● Exercise description
Below are entries with pictures among them; reproduce exactly, and only, the lines from the one containing "Vue sud-ouest IVR53_19915600724X" down to the one containing "BU34TA2WNVX-TR Rohm Semiconductor", without the pictures.

● Records shown
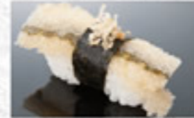
子持ち昆布 200円 Herring Spawn on Kelp
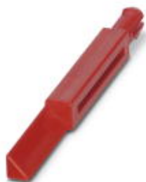
Механический ключ (профиль) для серии Q12

Обратите внимание на то, что приведенные здесь данные взяты из online-каталога. Полная информация и данные содержатся в документации пользователя. Действуют Общие условия использования для информации, загруженной из интернета. ( http://phoenixcontact.ru/download )
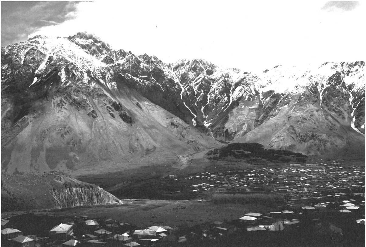
Am Fuss des Kaukasus liegt das geschichtsreiche Nest Kazbeki.
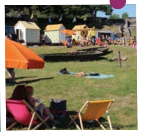
Tout l'été, Malviens, cyclotouristes et passants ont pu profiter de Mauves Balnéaire , une installation inscrite dans le cadre du Voyage à Nantes qui proposait de nombreuses animations.
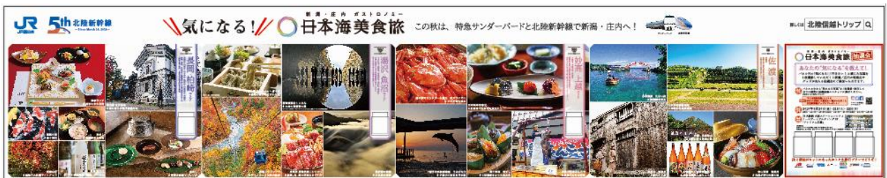
大型パネルイメージ
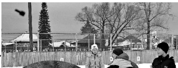
– По танкам «боевыми» гранатами пли!

Эта игра принесла им не только новые знания и положительные эмоции, но и проверила их дружбу, сплоченность в испытаниях. Дети
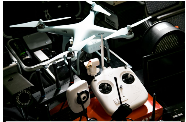
人が入っていけないところではドローンを使用することも
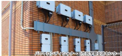
パワエコシティコナノ (市民学習交流センター)
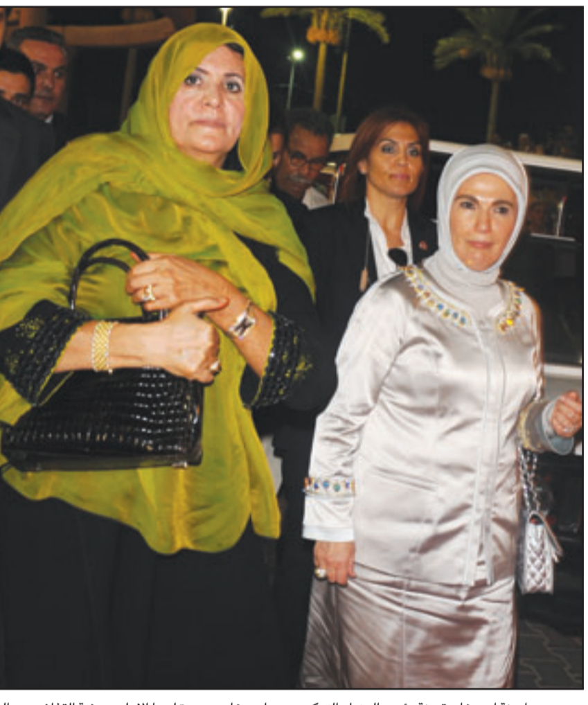
امينة اردوغان قريبة رئيس الوزراء التركي رجب اردوغان وسيدة ليبيا الاولى صفية القذافي... والى اليسار محمد عبد العزيز زعيم جبهة البوليزاريو على هامش احتفالات ذكرى الفاتح من سبتمبر

■ منسحب من احتفالات ذكرى الفاتح من سبتمبر مشاركة جبهة البوليزاريو في احتفالات الفاتح من أيلول (سبتمبر) في ليبيا بانسحاب الوفد الرسمي المغربي من الاحتفالات وظهور بوادر أزمة علاقات بين ليبيا والمغرب. وقالت وكالة الأنباء المغربية الرسمية أن الوفد المغربي الذي مثل الملك محمد السادس، بدعوة من قائد الثورة الليبية المعيد القذافي، في الاحتفالات المقامة لتخليد الذكرى الأربعين لثورة الفاتح من أيلول (سبتمبر)، غادر مكان التظاهرة عندما لاحظ ضمن المدعوين حضور رئيس ما يسمى بـ«الجمهورية الصحراوية» «المزعومة».
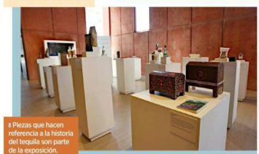
Piezas que hacen referencia a la historia del tequila son parte de la exposición.

■ Clases de Tequila: Un laboratorio olfativo diseñado para descubrir las sutiles y características sensoriales que distinguen las diferentes variedades y niveles de maduración del tequila.
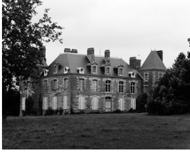
Vue sud-ouest IVR53_19915600724X
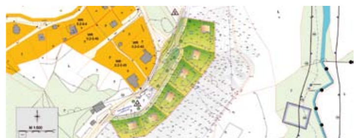
Entwurf des Teilbebauungsplanes Tatistscheff
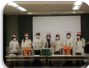
クリスマス会の様子
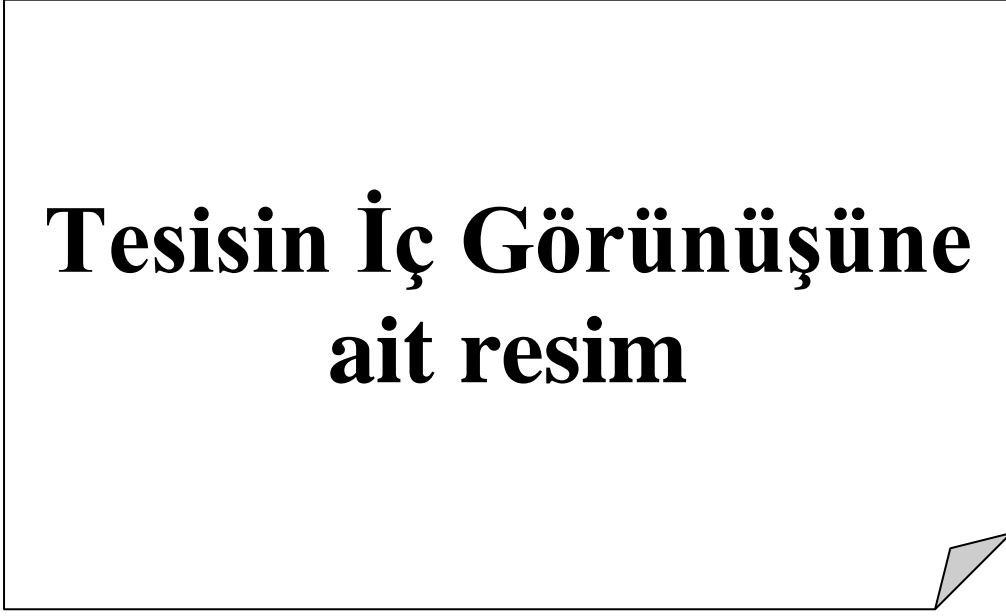
Resim 2.3 Makine ve Ekipman 3
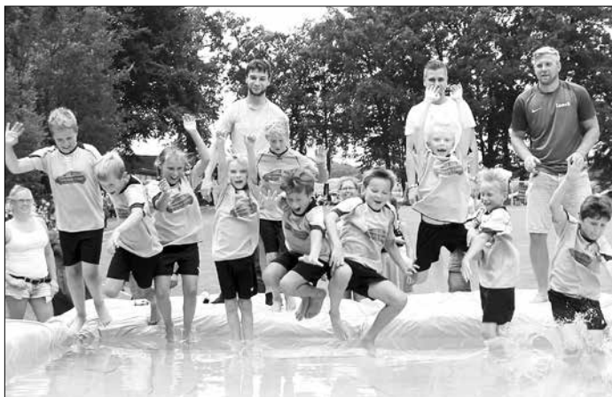
Endlich Abkühlung: Die E-Jugend des TuS Eversen/Sülze beim Sprung in den auf dem Sportplatz aufgebauten „Pool“.

dadurch würde bei uns viel gesellschaftliches Miteinander für Jung und Alt verloren gehen.“
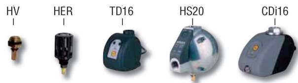
SCARICATORI DI CONDENSA/CONDENSATE DRAINS
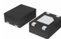
BU34TA2WNVX-TR Rohm Semiconductor IC REG LDO 3.4V 0.2A 4SSON
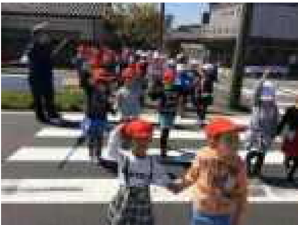
1, 2年生横断歩道の渡り方実地訓練

交通講話の後、1, 2, 3, 5年生は実地訓練をしました。1, 2年生は、学校周辺の道路の歩き方や、上五箇や美濃里の信号機のある横断歩道の渡り方を学習しました。3, 5年生は、校庭の模擬道路で自転車の正しい乗り方について学びました。ヘルメットを正しくかぶり、右折左折の仕方、狭い道路から広い道路への出方などを指導員さんから丁寧に教えてもらいました。特に、3年生はこの交通安全教室実施後、「東小のよい子」にあるように東小学区内を自転車で乗ることができます。交通ルールを守って、事故のないように乗ってほしいです。保護者の皆さんも、お子さんが自転車に乗る際には、「事故に気をつけて」の声かけをお願いします。
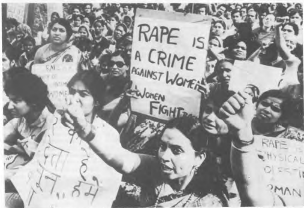
Индийские женщины вышли на улицы столицы Нью-Дели в знак протеста против изнасилования и надругательства

Самое необычное в этом инциденте — то, что о нем публично сообщалось. Во всех странах мира правительственные агенты используют изнасилование или надругательство с целью принуждения, унижения, наказания или запугивания женщин. Когда полицейский или солдат изнасиловал женщину, находящуюся под его стражей, изнасилование уже более не является актом частного насилия, а становится актом пытки или жестокого обращения, за который несет ответственность государство. Международное право обязывает правительства к защите всех мужчин, женщин и детей от пыток и жестокого обращения, а также требует проведения быстрого и тщательного расследо-

● Solution for this exercise
Vue sud-ouest IVR53_19915600724X
Entwurf des Teilbebauungsplanes Tatistscheff
クリスマス会の様子
Resim 2.3 Makine ve Ekipman 3
Endlich Abkühlung: Die E-Jugend des TuS Eversen/Sülze beim Sprung in den auf dem Sportplatz aufgebauten „Pool“.

dadurch würde bei uns viel gesellschaftliches Miteinander für Jung und Alt verloren gehen.“
SCARICATORI DI CONDENSA/CONDENSATE DRAINS
BU34TA2WNVX-TR Rohm Semiconductor IC REG LDO 3.4V 0.2A 4SSON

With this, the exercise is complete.